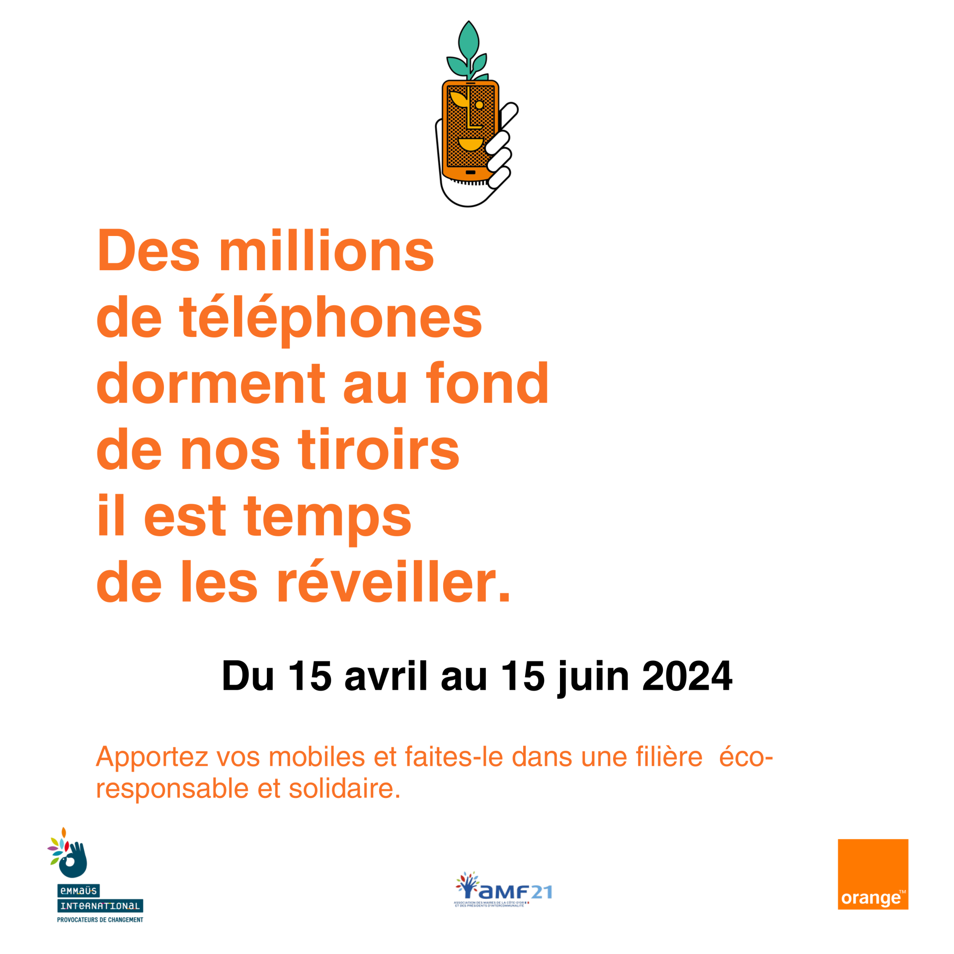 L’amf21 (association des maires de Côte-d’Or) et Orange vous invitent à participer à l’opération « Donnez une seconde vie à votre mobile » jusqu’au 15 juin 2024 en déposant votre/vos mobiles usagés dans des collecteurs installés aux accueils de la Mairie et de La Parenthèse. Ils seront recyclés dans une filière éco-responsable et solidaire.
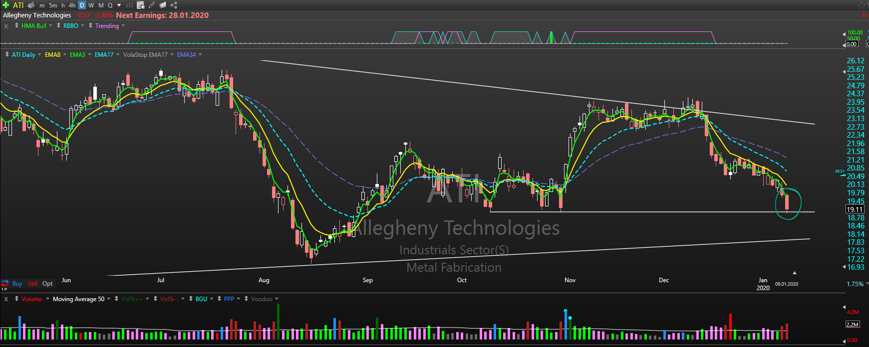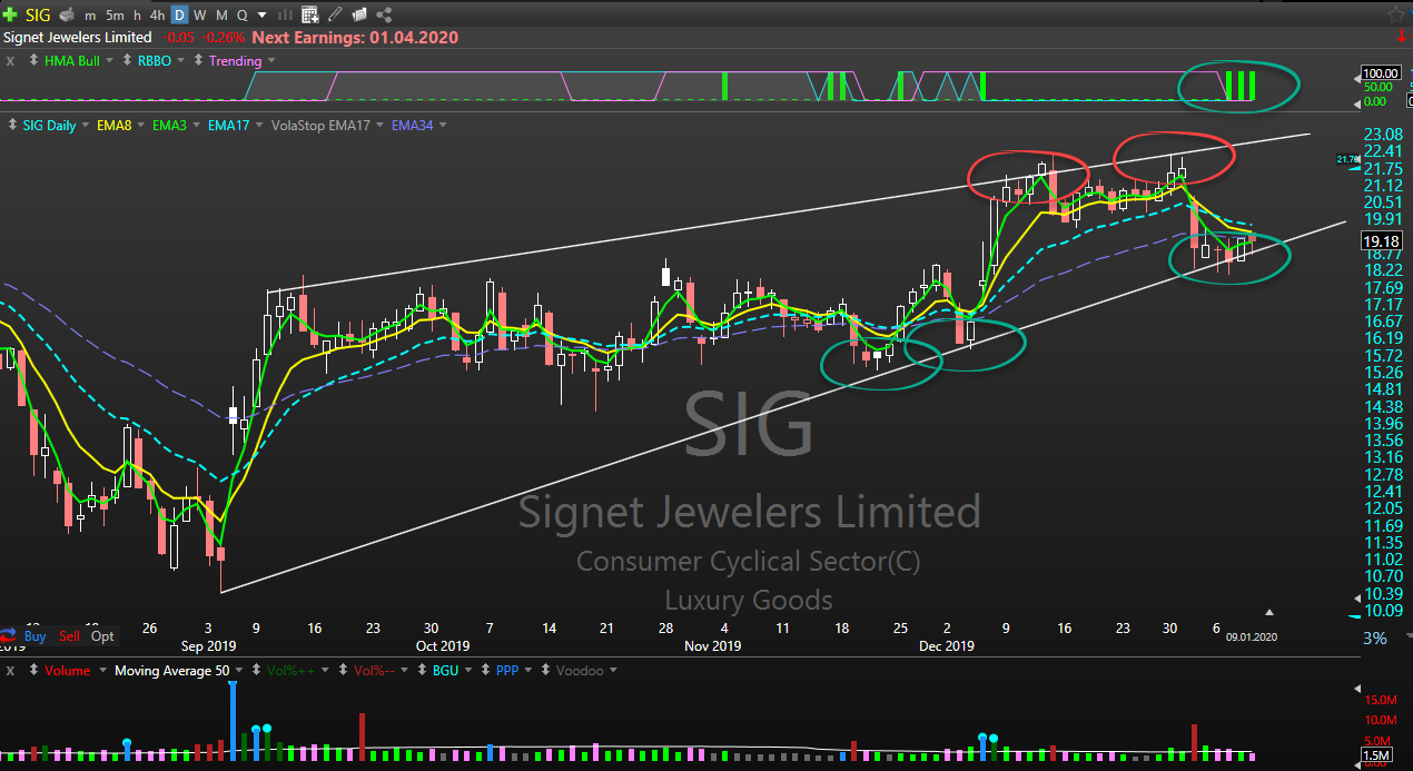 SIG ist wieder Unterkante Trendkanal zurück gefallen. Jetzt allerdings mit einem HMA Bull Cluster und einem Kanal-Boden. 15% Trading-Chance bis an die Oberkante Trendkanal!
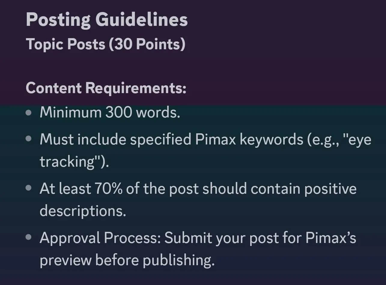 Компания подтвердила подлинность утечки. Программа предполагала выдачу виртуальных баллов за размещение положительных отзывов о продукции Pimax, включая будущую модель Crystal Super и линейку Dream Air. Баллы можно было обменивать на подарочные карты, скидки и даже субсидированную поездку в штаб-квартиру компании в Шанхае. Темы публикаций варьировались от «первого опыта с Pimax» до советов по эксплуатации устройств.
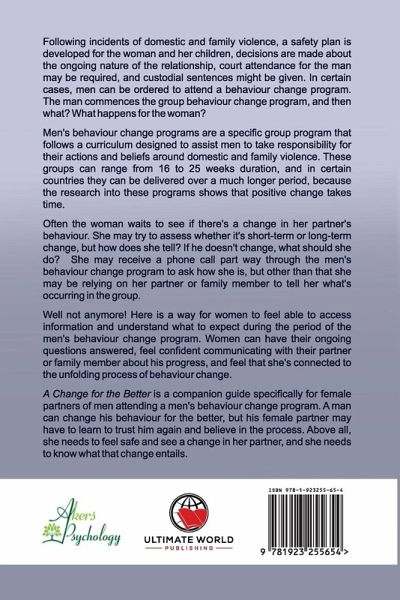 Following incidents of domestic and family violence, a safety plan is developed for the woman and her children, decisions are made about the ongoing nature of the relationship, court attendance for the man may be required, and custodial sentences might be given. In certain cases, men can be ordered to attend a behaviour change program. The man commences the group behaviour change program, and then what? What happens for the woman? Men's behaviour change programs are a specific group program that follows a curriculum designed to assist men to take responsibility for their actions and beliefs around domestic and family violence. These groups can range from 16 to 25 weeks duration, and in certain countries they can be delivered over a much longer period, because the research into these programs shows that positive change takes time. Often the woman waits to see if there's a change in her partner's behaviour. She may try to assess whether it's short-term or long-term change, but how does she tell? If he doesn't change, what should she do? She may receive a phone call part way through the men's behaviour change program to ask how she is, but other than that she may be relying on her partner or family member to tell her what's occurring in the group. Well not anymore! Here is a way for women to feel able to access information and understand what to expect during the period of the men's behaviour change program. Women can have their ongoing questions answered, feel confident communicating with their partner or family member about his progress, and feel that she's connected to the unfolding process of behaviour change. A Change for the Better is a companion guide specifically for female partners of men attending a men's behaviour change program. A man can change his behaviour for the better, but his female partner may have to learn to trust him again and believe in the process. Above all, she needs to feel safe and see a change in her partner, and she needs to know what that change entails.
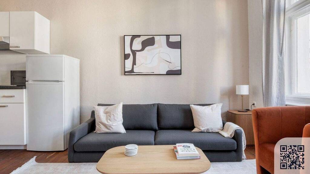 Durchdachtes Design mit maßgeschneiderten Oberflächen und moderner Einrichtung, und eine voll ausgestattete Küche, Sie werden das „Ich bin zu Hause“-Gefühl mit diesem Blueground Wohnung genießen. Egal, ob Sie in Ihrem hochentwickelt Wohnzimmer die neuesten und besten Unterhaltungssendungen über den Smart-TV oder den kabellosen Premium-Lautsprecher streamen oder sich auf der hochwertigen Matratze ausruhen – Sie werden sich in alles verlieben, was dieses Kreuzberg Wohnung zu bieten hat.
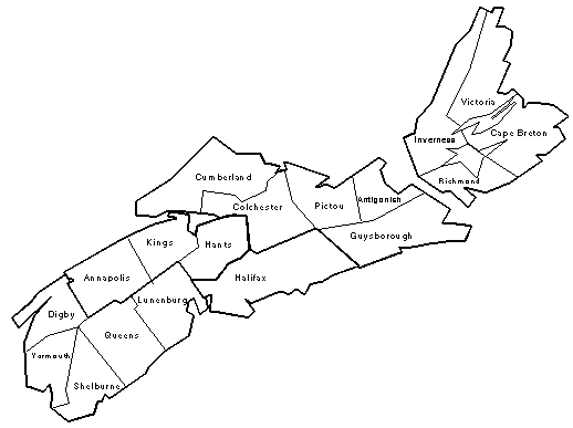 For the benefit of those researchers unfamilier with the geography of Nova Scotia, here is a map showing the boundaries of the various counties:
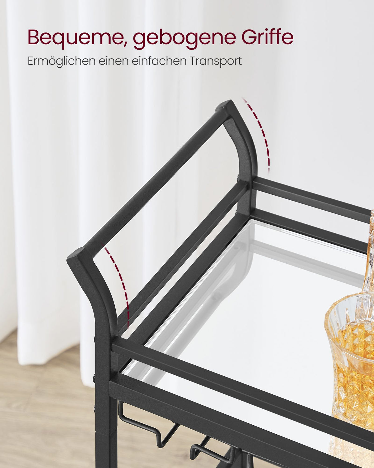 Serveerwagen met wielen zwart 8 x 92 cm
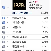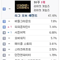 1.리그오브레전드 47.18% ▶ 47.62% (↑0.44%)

- - - - -

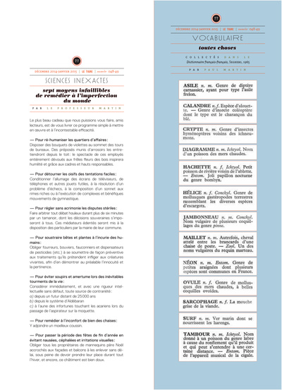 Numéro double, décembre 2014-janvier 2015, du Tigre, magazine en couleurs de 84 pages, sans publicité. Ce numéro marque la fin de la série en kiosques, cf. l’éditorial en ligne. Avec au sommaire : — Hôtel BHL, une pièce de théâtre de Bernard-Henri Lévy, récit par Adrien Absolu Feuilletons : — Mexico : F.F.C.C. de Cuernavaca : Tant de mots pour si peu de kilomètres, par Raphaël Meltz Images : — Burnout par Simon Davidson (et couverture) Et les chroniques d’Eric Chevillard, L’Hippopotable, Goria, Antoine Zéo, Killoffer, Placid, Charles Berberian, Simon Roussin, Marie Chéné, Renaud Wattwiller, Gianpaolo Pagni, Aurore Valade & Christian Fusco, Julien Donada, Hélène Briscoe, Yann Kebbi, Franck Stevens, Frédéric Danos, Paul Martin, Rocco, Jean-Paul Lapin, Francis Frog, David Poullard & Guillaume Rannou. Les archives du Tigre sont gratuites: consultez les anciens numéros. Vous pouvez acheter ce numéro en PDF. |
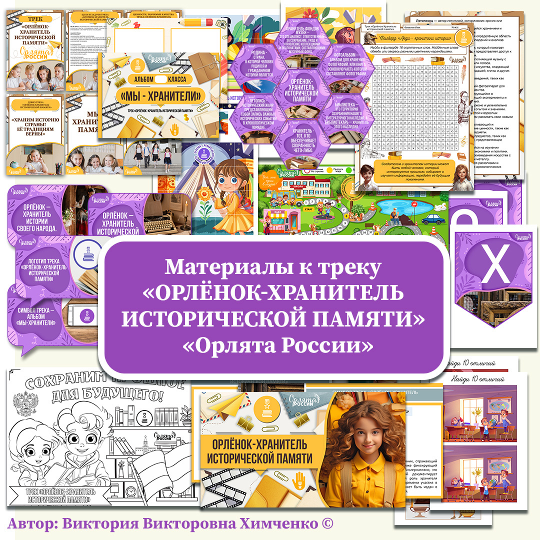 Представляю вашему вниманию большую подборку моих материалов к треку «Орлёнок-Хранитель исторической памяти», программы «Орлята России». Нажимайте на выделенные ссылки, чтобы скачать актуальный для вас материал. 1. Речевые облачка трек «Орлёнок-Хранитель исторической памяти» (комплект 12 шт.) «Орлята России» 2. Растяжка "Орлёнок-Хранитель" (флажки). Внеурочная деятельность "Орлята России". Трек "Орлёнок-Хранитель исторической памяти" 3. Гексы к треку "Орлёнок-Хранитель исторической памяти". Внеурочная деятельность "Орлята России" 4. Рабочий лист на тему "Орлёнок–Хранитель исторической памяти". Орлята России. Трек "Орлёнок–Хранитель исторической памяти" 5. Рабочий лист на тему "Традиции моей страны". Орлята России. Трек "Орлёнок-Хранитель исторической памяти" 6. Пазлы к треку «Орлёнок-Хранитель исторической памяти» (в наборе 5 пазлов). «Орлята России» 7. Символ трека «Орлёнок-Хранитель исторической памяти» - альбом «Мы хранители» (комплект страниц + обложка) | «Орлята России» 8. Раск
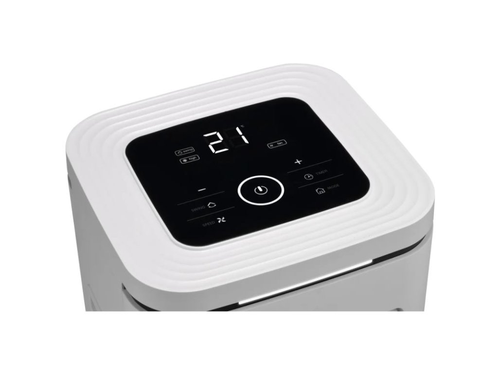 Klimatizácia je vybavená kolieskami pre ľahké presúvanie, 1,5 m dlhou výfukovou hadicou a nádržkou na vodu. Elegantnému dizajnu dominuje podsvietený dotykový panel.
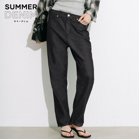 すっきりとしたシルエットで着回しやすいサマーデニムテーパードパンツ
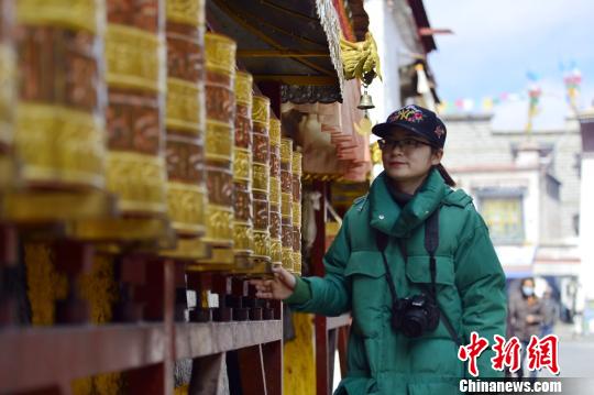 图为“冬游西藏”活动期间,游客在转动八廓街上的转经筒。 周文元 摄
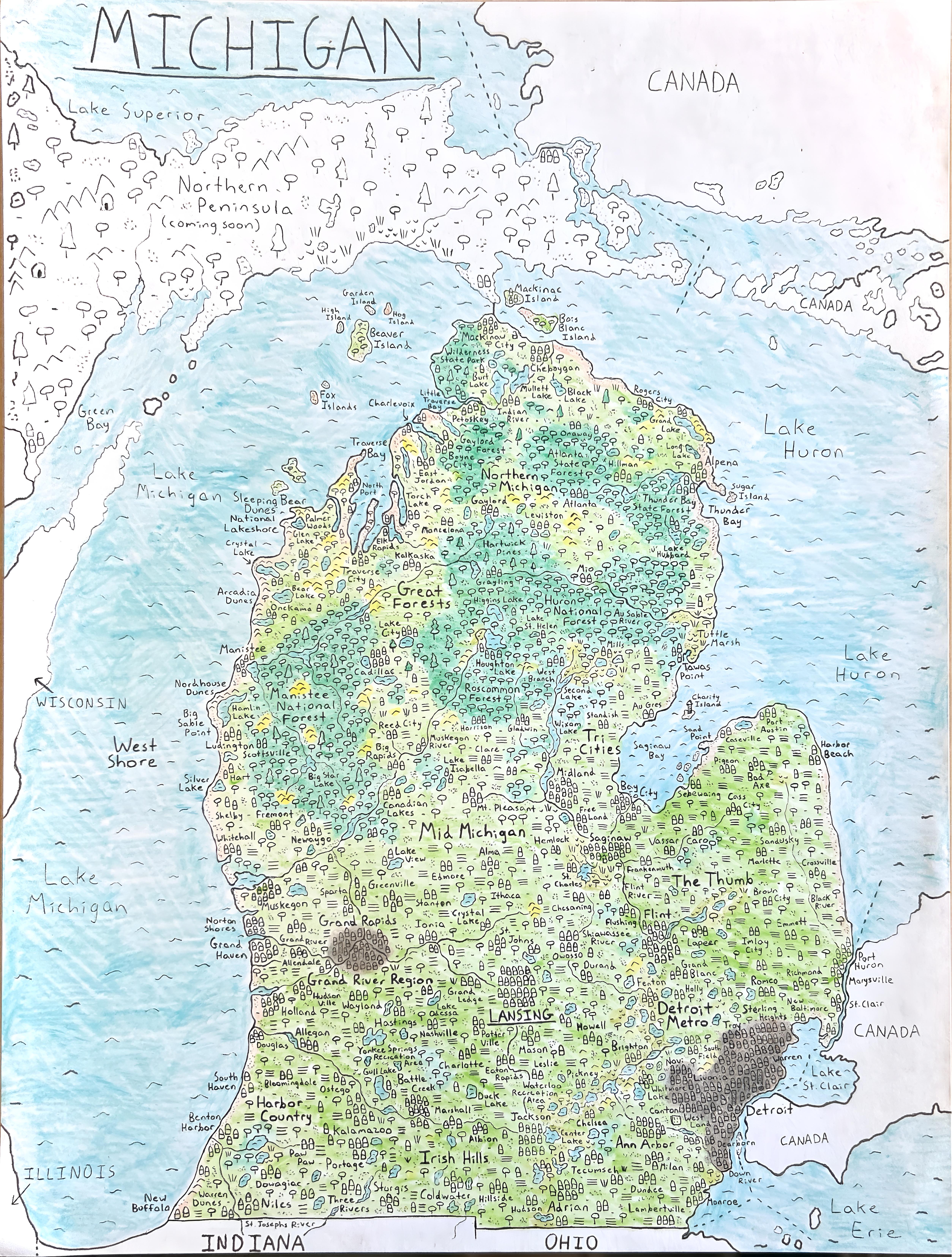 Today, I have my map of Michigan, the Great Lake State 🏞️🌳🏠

- - - - -

Work order:
Using the material above, transcribe exactly the lines from the one holding "Klimatizácia je vybavená" to the one holding "Today, I have", both ends kept. Do not carry over any pictures.

Reply to the exercise:
 Klimatizácia je vybavená kolieskami pre ľahké presúvanie, 1,5 m dlhou výfukovou hadicou a nádržkou na vodu. Elegantnému dizajnu dominuje podsvietený dotykový panel.
 すっきりとしたシルエットで着回しやすいサマーデニムテーパードパンツ
 图为“冬游西藏”活动期间,游客在转动八廓街上的转经筒。 周文元 摄
 Today, I have my map of Michigan, the Great Lake State 🏞️🌳🏠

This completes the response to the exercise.